Here is the task for the listing below: output exactly the lines from the one containing "Material: Napa;Enfeites: Zíper, Fivelas" through the one containing "資料顯示,清能燃料電池集團(tuán)從", and leave out the pictures.
[Source records Boundary: Start]
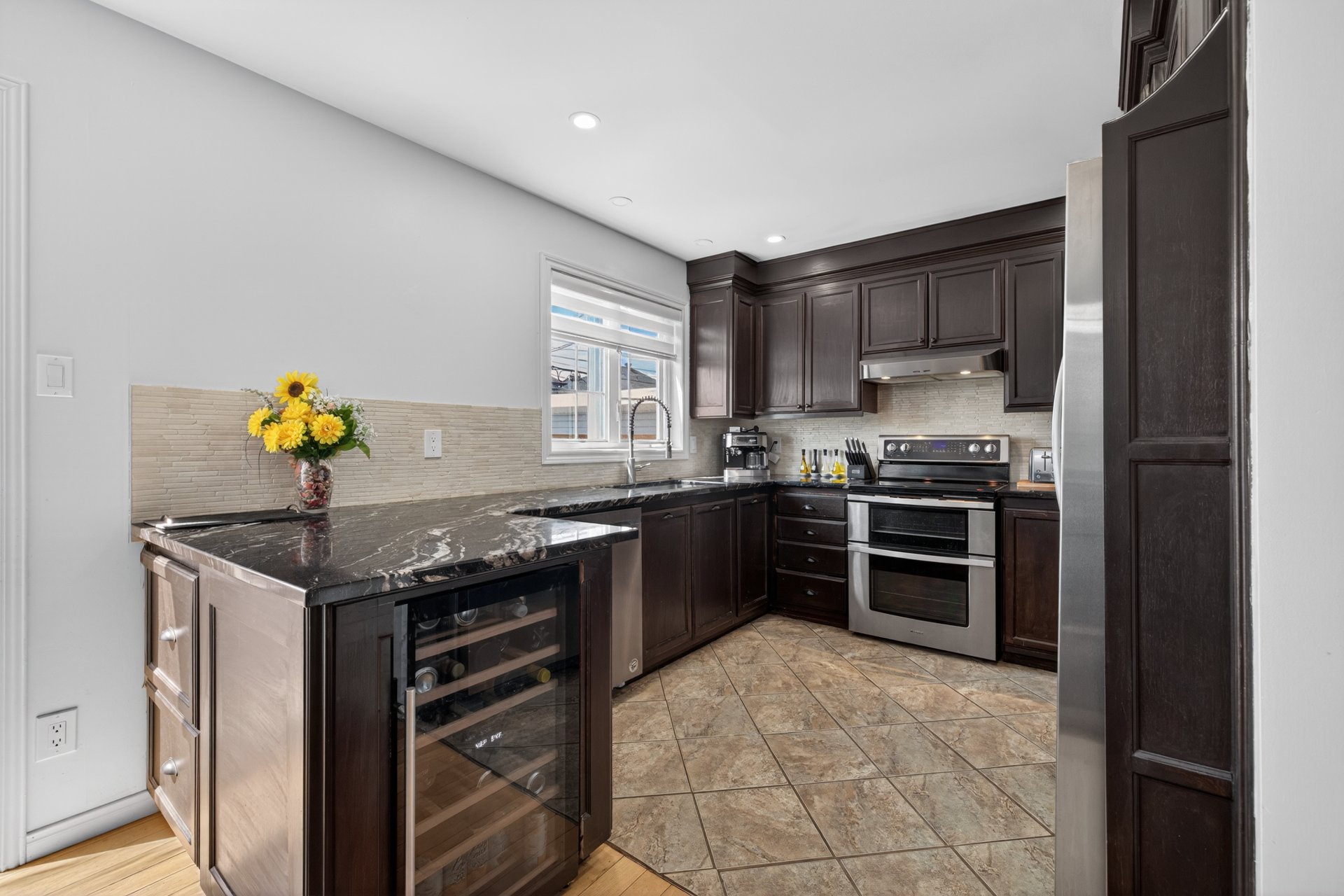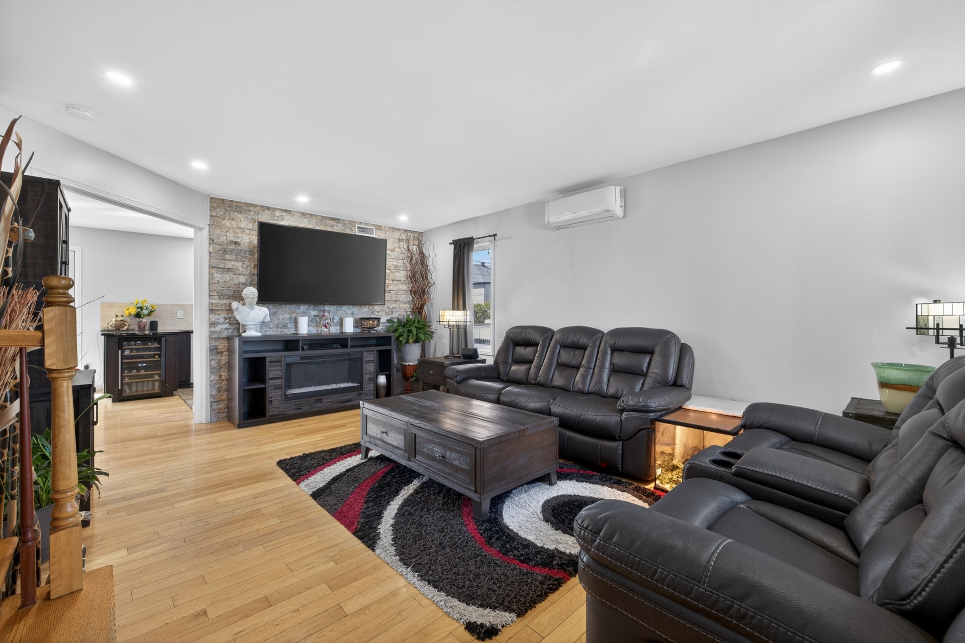 The living spaces are warm and well designed, offering a seamless flow throughout. The kitchen has been upgraded with quartz countertops, combining style and durability. The home also offers abundant storage space, a major asset for everyday organization. An attached garage adds convenience year-round.
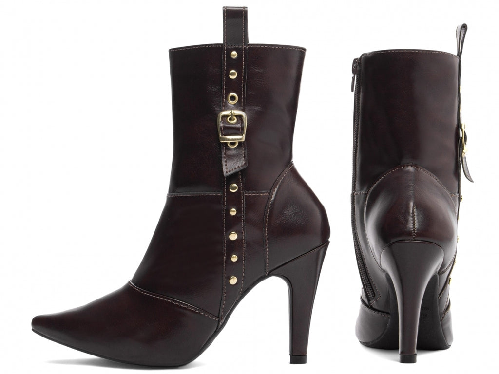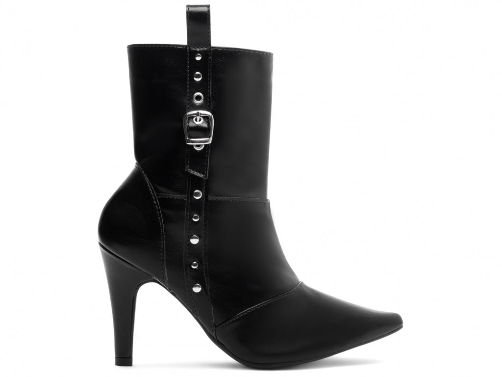 Material: Napa;Enfeites: Zíper, Fivelas e Apliques na Cor Prata;Palmilha: 8 mm de Espessura, Espuma em EVA, e Taloneira em Napa;Forro: Cacharrel, material espumado para maior conforto;Salto: 9 cm de Altura e Revestido em Napa;Solado de TR.
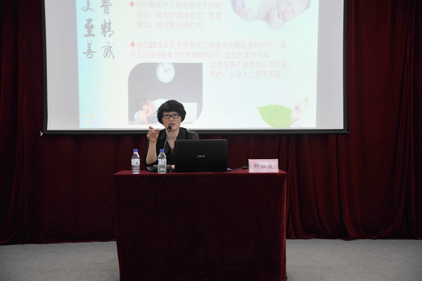 会上,钟淑霞教授首先向师生介绍了不同的皮肤类型:皮肤大致可分为干性、油性和中性皮肤。她指出,为了更有效地保护好皮肤,合理的护肤品使用顺序为白天:洁面-水-精华-乳-霜-防晒;晚上:洁面-精华-面膜-霜。她强调,改善皮肤可以从以下六步做起:一是科学护肤四部曲:清洁、补水、保湿、防晒;二是保持良好情绪;三是保证充足的睡眠;四是要合理饮食多吃蔬菜水果;五是要进行适当的体育运动;六是医美技术,这是对皮肤的高级护理。
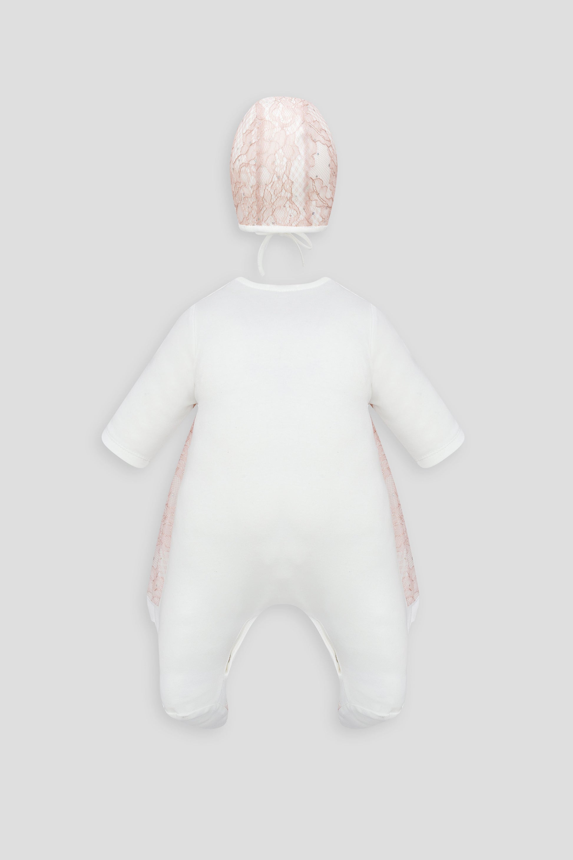 This charming set of clothing for girls consists of an adorable dress-jumpsuit and an elegant bonnet. The beautiful retro-style outfit is made from delicate ""vanilla cream"" shade lace fabric and is adorned with a large matching collar. The lovely pastel-colored model is perfect for performances or other important events in a little princess's life. The lining is made of soft natural cotton.
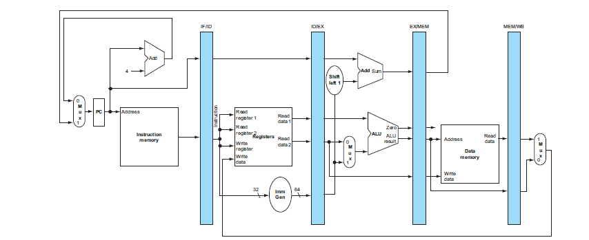 Pipeline register 的功能,是在每個 clock cycle 結束時,儲存該 stage 的輸出資料與對應的控制資訊,並在下一個 cycle 將這些穩定的值提供給下一個 stage 使用。藉由這種「先存、再用」的機制,多條指令才能在同一條 datapath 上同時處於不同 stages,讓 pipeline 在時間上並行運作,而結果仍然正確。
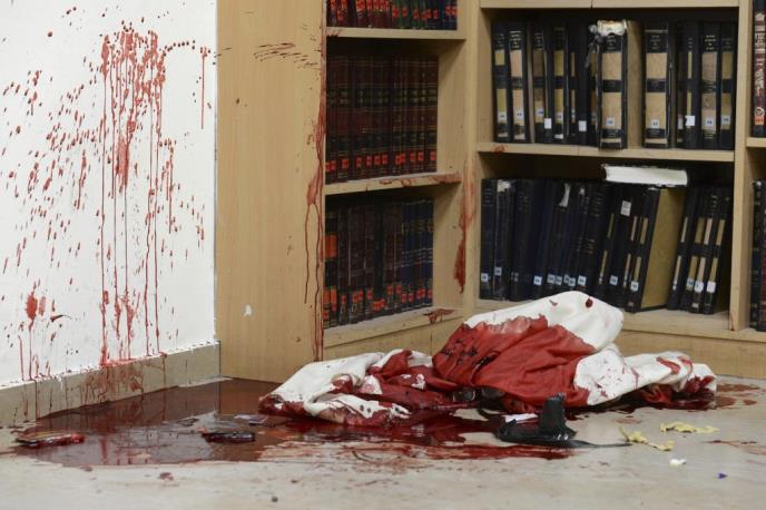 Napad se dogodio u sinagogi u zapadnom Jerusalimu u kvartu Har Nof. Policijski portparol Luba Samri rekla je da su napadači ušli u sinagogu naoružani noževima, sekirama i pištoljima i napali vernike. U razmeni vatre sa policajcima napadači su ubijeni. Jedan policajac je u razmeni vatre dobio povrede opasne po život.
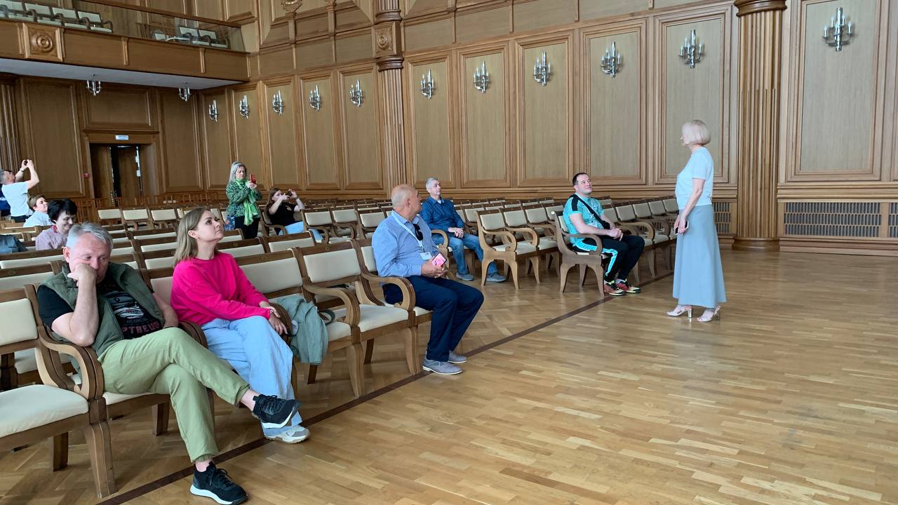 В ходе экскурсии гости узнали много интересных фактов об архитектуре здания, его внутреннем убранстве и техническом оснащении. Они поднялись на сцену и заглянули за кулисы.
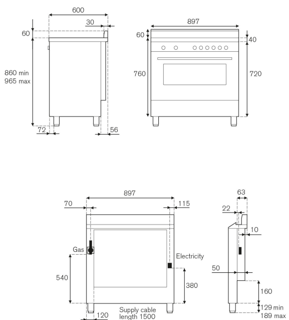 Dimensions (WxDxH): 895mm x 600mm x 890-915mm
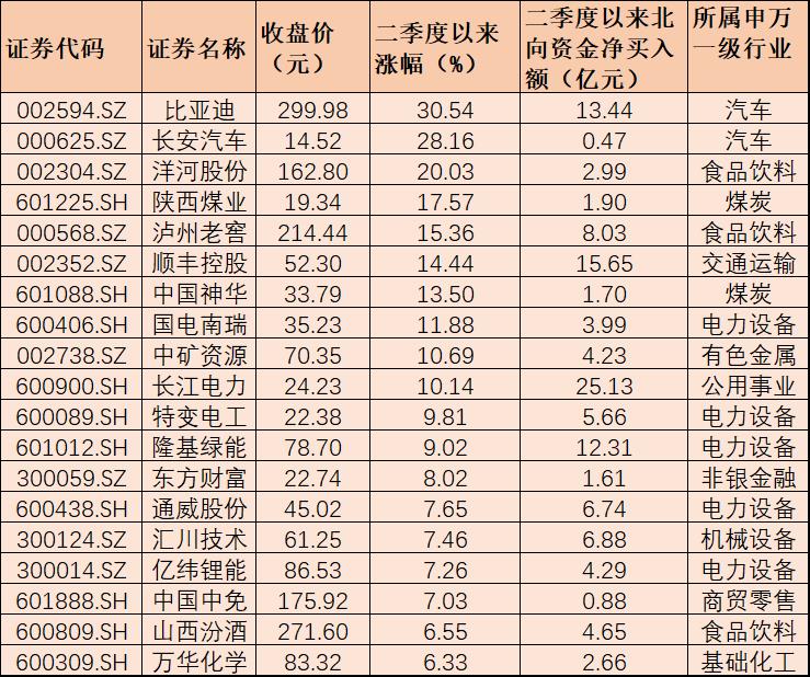 表:二季度以來漲幅超6%的北向資金加倉活躍股一覽
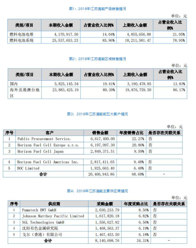 資料顯示,清能燃料電池集團(tuán)從2003年開(kāi)始涉足燃料電池領(lǐng)域,與新源動(dòng)力、上海神力、上燃動(dòng)力等屬于同一時(shí)代“元老級(jí)”企業(yè),現(xiàn)重點(diǎn)關(guān)注于大功率車用及工業(yè)用燃料電池的研發(fā)和生產(chǎn)。江蘇清能成立于2011年,2018年在新三板掛牌,公司致力于燃料電池核心材料、電堆及燃料電池系統(tǒng)的研發(fā)、生產(chǎn)與銷售,主要應(yīng)用領(lǐng)域?yàn)樾履茉雌?、分布式電源和不間斷電源等。
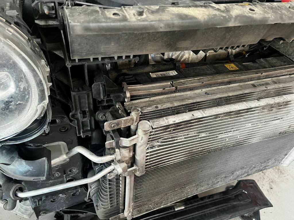 Capot, aile avant, phare cassé, calandre, pare-chocs avant, spoiler, renfort, radiateurs, condenseur, panneau frontal
[Source records Boundary: End]
▶ _Output_
 Material: Napa;Enfeites: Zíper, Fivelas e Apliques na Cor Prata;Palmilha: 8 mm de Espessura, Espuma em EVA, e Taloneira em Napa;Forro: Cacharrel, material espumado para maior conforto;Salto: 9 cm de Altura e Revestido em Napa;Solado de TR.
 会上,钟淑霞教授首先向师生介绍了不同的皮肤类型:皮肤大致可分为干性、油性和中性皮肤。她指出,为了更有效地保护好皮肤,合理的护肤品使用顺序为白天:洁面-水-精华-乳-霜-防晒;晚上:洁面-精华-面膜-霜。她强调,改善皮肤可以从以下六步做起:一是科学护肤四部曲:清洁、补水、保湿、防晒;二是保持良好情绪;三是保证充足的睡眠;四是要合理饮食多吃蔬菜水果;五是要进行适当的体育运动;六是医美技术,这是对皮肤的高级护理。
 This charming set of clothing for girls consists of an adorable dress-jumpsuit and an elegant bonnet. The beautiful retro-style outfit is made from delicate ""vanilla cream"" shade lace fabric and is adorned with a large matching collar. The lovely pastel-colored model is perfect for performances or other important events in a little princess's life. The lining is made of soft natural cotton.
 Pipeline register 的功能,是在每個 clock cycle 結束時,儲存該 stage 的輸出資料與對應的控制資訊,並在下一個 cycle 將這些穩定的值提供給下一個 stage 使用。藉由這種「先存、再用」的機制,多條指令才能在同一條 datapath 上同時處於不同 stages,讓 pipeline 在時間上並行運作,而結果仍然正確。
 Napad se dogodio u sinagogi u zapadnom Jerusalimu u kvartu Har Nof. Policijski portparol Luba Samri rekla je da su napadači ušli u sinagogu naoružani noževima, sekirama i pištoljima i napali vernike. U razmeni vatre sa policajcima napadači su ubijeni. Jedan policajac je u razmeni vatre dobio povrede opasne po život.
 В ходе экскурсии гости узнали много интересных фактов об архитектуре здания, его внутреннем убранстве и техническом оснащении. Они поднялись на сцену и заглянули за кулисы.
 Dimensions (WxDxH): 895mm x 600mm x 890-915mm
 表:二季度以來漲幅超6%的北向資金加倉活躍股一覽
 資料顯示,清能燃料電池集團(tuán)從2003年開(kāi)始涉足燃料電池領(lǐng)域,與新源動(dòng)力、上海神力、上燃動(dòng)力等屬于同一時(shí)代“元老級(jí)”企業(yè),現(xiàn)重點(diǎn)關(guān)注于大功率車用及工業(yè)用燃料電池的研發(fā)和生產(chǎn)。江蘇清能成立于2011年,2018年在新三板掛牌,公司致力于燃料電池核心材料、電堆及燃料電池系統(tǒng)的研發(fā)、生產(chǎn)與銷售,主要應(yīng)用領(lǐng)域?yàn)樾履茉雌?、分布式電源和不間斷電源等。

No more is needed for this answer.